To produce a stacked heatmap from a list of (1) equal-length intervals or (2) arbitrary-length intervals with `bins` specified:
```
BBIFile.stackup(chroms, starts, ends, [bins [, missing [, oob, [, summary]]]]) -> 2D numpy array
```

* **Summary** querying is supported by specifying the number of `bins` for coarsening. The `summary` statistic can be one of: 'mean', 'min', 'max', 'cov', 'std', 'or 'sum'. (default = 'mean'). Intervals need not have the same length, in which case the data from each interval will be interpolated to the same number of bins (e.g., gene bodies).

* **Missing** data can be filled with a custom fill value, `missing` (default = 0).

* **Out-of-bounds** ranges (i.e. `start` less than zero or `end` greater than the chromosome length) are permitted because of their utility e.g., for generating vertical heatmap stacks centered at specific genomic features. A separate custom fill value, `oob` can be provided for out-of-bounds positions (default = NaN).

### Function API

The original function-based API is still available:

```python
bbi.is_bbi(path: str) -> bool
bbi.is_bigwig(path: str) -> bool
bbi.is_bigbed(path:str) -> bool
bbi.chromsizes(path: str) -> OrderedDict
bbi.zooms(path: str) -> list
bbi.info(path: str) -> dict
bbi.fetch_intervals(path: str, chrom: str, start: int, end: int, iterator: bool) -> Union[Iterable, pd.DataFrame]
bbi.fetch(path: str, chrom: str, start: int, end: int, [bins: int [, missing: float [, oob: float, [, summary: str]]]]) -> np.array[1, 'float64']
bbi.stackup(path: str, chroms: np.array, starts: np.array, ends: np.array, [bins: int [, missing: float [, oob: float, [, summary: str]]]]) -> np.array[2, 'float64']
```

See the docstrings for complete documentation.

## Related projects ##

- [libBigWig](https://github.com/dpryan79/libBigWig): Alternative C library for bigWig and bigBed files by Devon Ryan
- [pyBigWig](https://github.com/dpryan79/pyBigWig): Python bindings for `libBigWig` by the same author
- [bw-python](https://github.com/brentp/bw-python): Alternative Python wrapper to `libBigWig` by Brent Pederson
- [bx-python](https://github.com/bxlab/bx-python): Python bioinformatics library from James Taylor's group that includes tools for bbi files.

This library provides bindings to the reference UCSC bbi library code.

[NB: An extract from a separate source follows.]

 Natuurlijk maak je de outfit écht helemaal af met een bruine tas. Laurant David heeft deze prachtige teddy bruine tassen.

Check out [@dpryan79](https://github.com/dpryan79)'s [libBigWig](https://github.com/dpryan79/libBigWig) for an alternative and dedicated C library for big binary files. pyBigWig also provides numpy-based retrieval and bigBed support.

## References ##

[1]: http://bioinformatics.oxfordjournals.org/content/26/17/2204.full

## From source ##

If wheels for your platform or Python version aren't available or you want to develop, you'll need to install `pybbi` from source. The source distribution on PyPI ships with (slightly modified) kent utils source, which will compile before the extension module is built.

Requires
- Platform: Linux or Darwin (Windows Subsystem for Linux seems to work too)
- pthreads, zlib, libpng, openssl, make, pkg-config
- Python 3.6+
- `numpy` and `cython`

For example, on a fresh Ubuntu instance, you'll need `build-essential`, `make`, `pkg-config`, `zlib1g-dev`, `libssl-dev`, `libpng16-dev`.

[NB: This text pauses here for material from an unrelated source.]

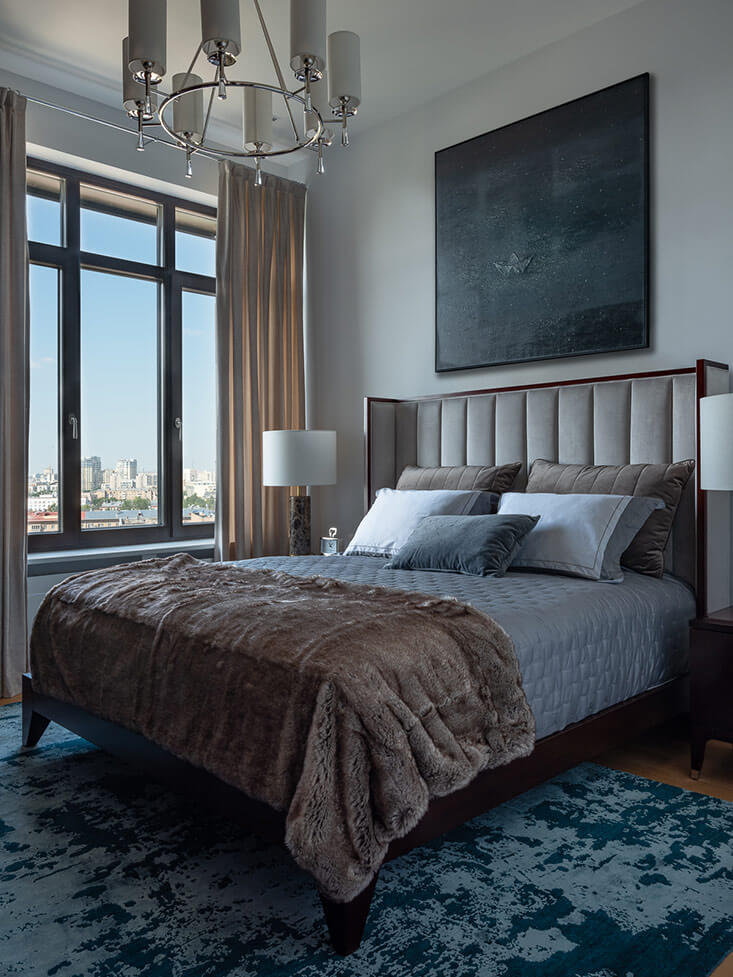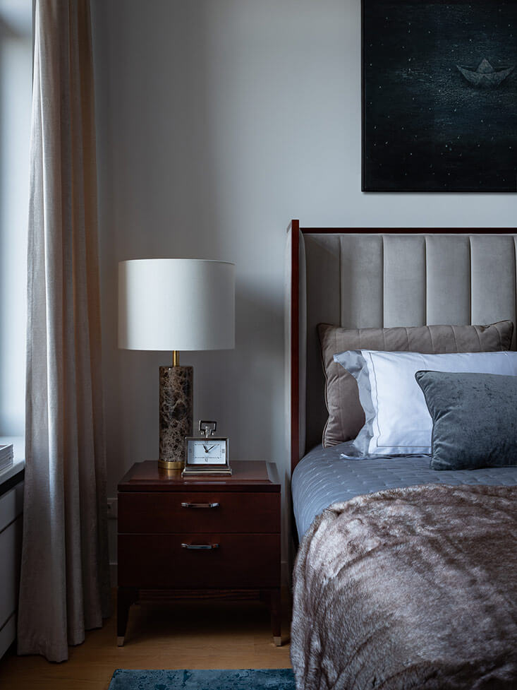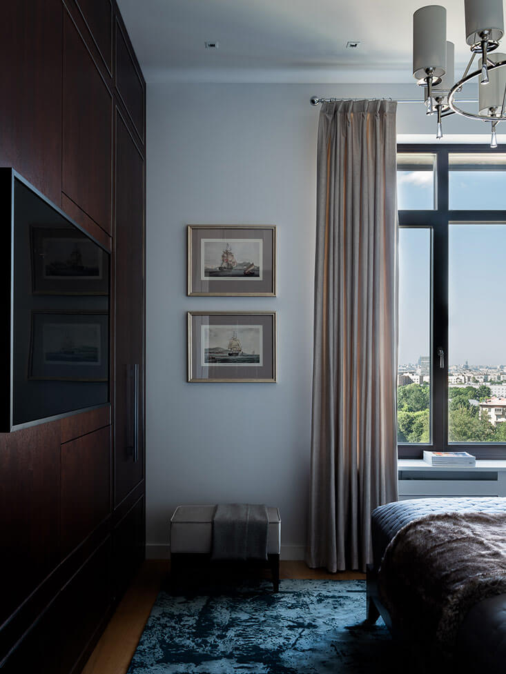 В спальне была техническая ниша. В нее дизайнеры вмонтировали шкаф, а остальную часть стены закрыли панелями, шпонированными американским орехом. Так получилось создать удобный скрытый гардероб с декором из никелированной стали. Темная, но совсем не мрачная картина над изголовьем кровати перекликается с ковром насыщенного сине-зеленого цвета, а шоколадные и бежевые оттенки и бархатистые текстуры создают атмосферу уюта.

On a Centos/RedHat (rpm) system you'll need `gcc`, `make`, `pkg-config`, `zlib-devel`, `openssl-devel`, `libpng-devel`.

On a Mac, you'll need Xcode and to `brew install pkg-config openssl libpng`.

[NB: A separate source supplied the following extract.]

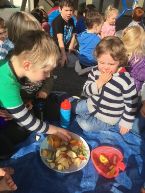 Children bring a piece of fruit to add to the fruit platters prepared for sharing at this time.

For development, clone the repo and install in editable mode:

```
$ git clone https://github.com/nvictus/pybbi.git
$ cd pybbi
$ pip install -e .
```

You can use the `ARCH` environment variable to specify a target architecture or `ARCHFLAGS` on a Mac.

### Notes

Unfortunately, Kent's C source is not well-behaved library code, as it is littered with error calls that call `exit()`. `pybbi` will catch and pre-empt common input errors, but if somehow an internal error does get raised, it will terminate your interpreter instance.